# Recorded data

··········

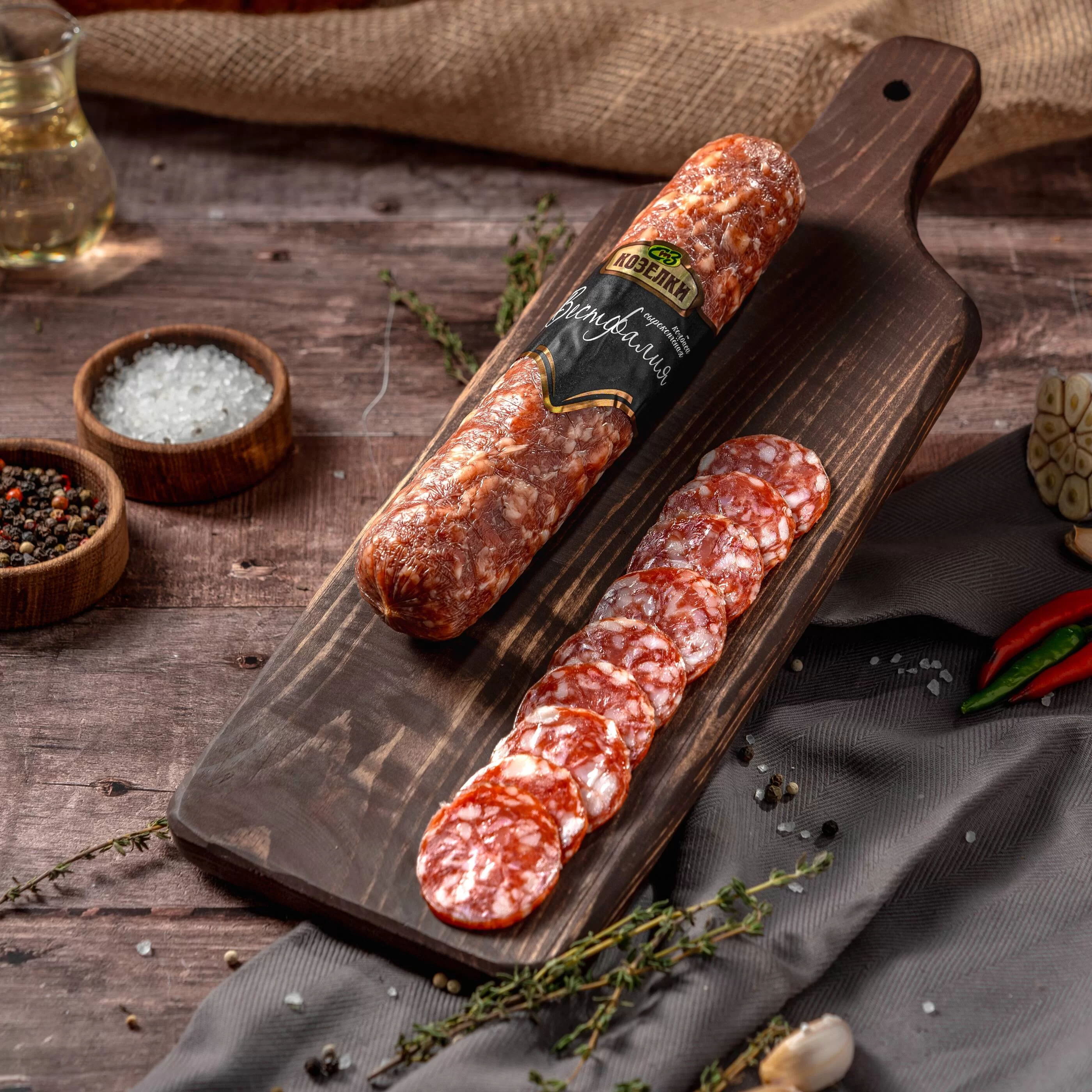 Изысканный вкус и аромат этой сырокопченой колбасы обусловлен оптимальными пропорциями мелкорубленного шпика и отборной свинины, а также сбалансированностью специй. Рецептура продукта включает целую гамму пряностей: мускатный орех, черный перец, чеснок и гвоздика.
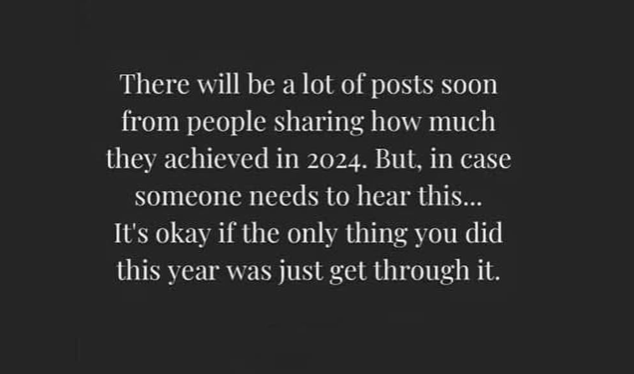 Sound a little harsh? Perhaps. But, I’ve worked with too many people who struggle to recognize their own progress and accomplishments because they think they didn’t do enough compared to so-and-so. That way of thinking leads us to believe that I am not enough, and that’s not okay. So, if you are one of the people who “just” got through 2024, I see you. And you need to drop the “just.”
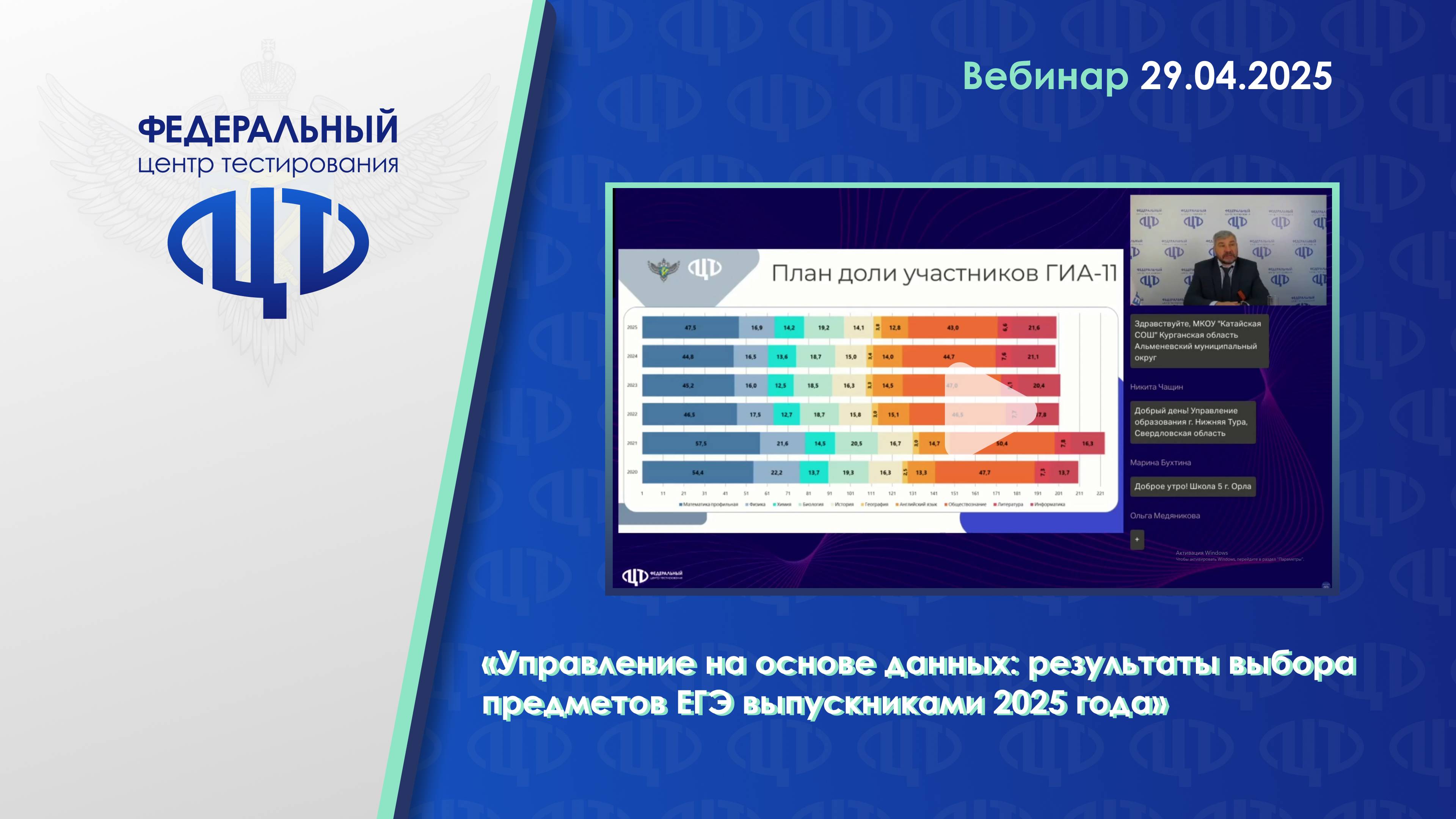 Управление на основе данных результаты выбора предметов ЕГЭ выпускниками 2025 года (Илюхин Б.В.)
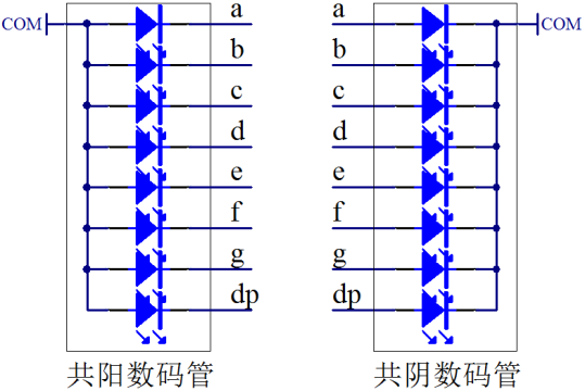 数码管分为共阳和共阴两种,共阴数码管就是8只 LED 小灯的阴极是连接在一起的,阴极是公共端,由阳极来控制单个小灯的亮灭。同理,共阳数码管就是阳极接在一起,大家可以认真研究下图5-4。细心的同学会发现,图5-3的数码管上边有2个 com,这就是我们数码管的公共端。为什么有2个呢,一方面是2个可以起到对称的效果,刚好是10个引脚,另外一个方面,公共端通过的电流较大,我们初中就学过,并联电路电流之和等于总电流,用2个 com 可以把公共电流平均到2个引脚上去,降低单条线路承受的电流。

··········

# What the task asks
Every line of the material above should be repeated exactly, except for the pictures.

# Problem solution
 Изысканный вкус и аромат этой сырокопченой колбасы обусловлен оптимальными пропорциями мелкорубленного шпика и отборной свинины, а также сбалансированностью специй. Рецептура продукта включает целую гамму пряностей: мускатный орех, черный перец, чеснок и гвоздика.
 Sound a little harsh? Perhaps. But, I’ve worked with too many people who struggle to recognize their own progress and accomplishments because they think they didn’t do enough compared to so-and-so. That way of thinking leads us to believe that I am not enough, and that’s not okay. So, if you are one of the people who “just” got through 2024, I see you. And you need to drop the “just.”
 Управление на основе данных результаты выбора предметов ЕГЭ выпускниками 2025 года (Илюхин Б.В.)
 数码管分为共阳和共阴两种,共阴数码管就是8只 LED 小灯的阴极是连接在一起的,阴极是公共端,由阳极来控制单个小灯的亮灭。同理,共阳数码管就是阳极接在一起,大家可以认真研究下图5-4。细心的同学会发现,图5-3的数码管上边有2个 com,这就是我们数码管的公共端。为什么有2个呢,一方面是2个可以起到对称的效果,刚好是10个引脚,另外一个方面,公共端通过的电流较大,我们初中就学过,并联电路电流之和等于总电流,用2个 com 可以把公共电流平均到2个引脚上去,降低单条线路承受的电流。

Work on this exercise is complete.